First there is the expanded definition of a business associate: “Under the final Rule, Section (1)(i) was expanded to include any person that, on behalf of a covered entity, “creates, receives, maintains, or transmits protected health information for a function or activity regulated by [HIPAA] “, including claims processing or administration, data analysis, processing, or administration, utilization review, quality assurance, certain patient safety activities, billing, benefit management, practice management, and repricing.”
Secondly there are the expanded requirements: “As a result, Business Associates are now required to conduct a risk analysis to assess the nature and volume of electronic PHI (“ePHI”) and the risks of unauthorized use or disclosure of PHI. They must implement administrative, technical, and physical safeguards appropriate to the risks and vulnerabilities identified in the risk analysis.”

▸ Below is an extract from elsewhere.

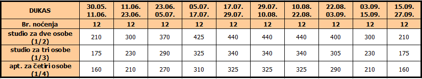 • Ukoliko dete do 12 godina koristi vlastiti ležaj, plaća cenu iz tabele umanjenu za 20€

Finally, there are the new downstrean responsibilities: “The modified HIPAA Rules now require a Business Associate to obtain satisfactory assurances from a subcontractor that the subcontractor will properly safeguard information if the subcontractor is to create, receive, maintain, or transmit ePHI on behalf of the Business Associate. This requires that a Business Associate enter into a Business Associate agreement with its subcontractors and directly places the burden of supervising subcontractors on the Business Associate, rather than the Covered Entity.”
BA Tracker is a useful tool not only for covered entities to manage their business associates, but also for business associates to manage their sub-contractors.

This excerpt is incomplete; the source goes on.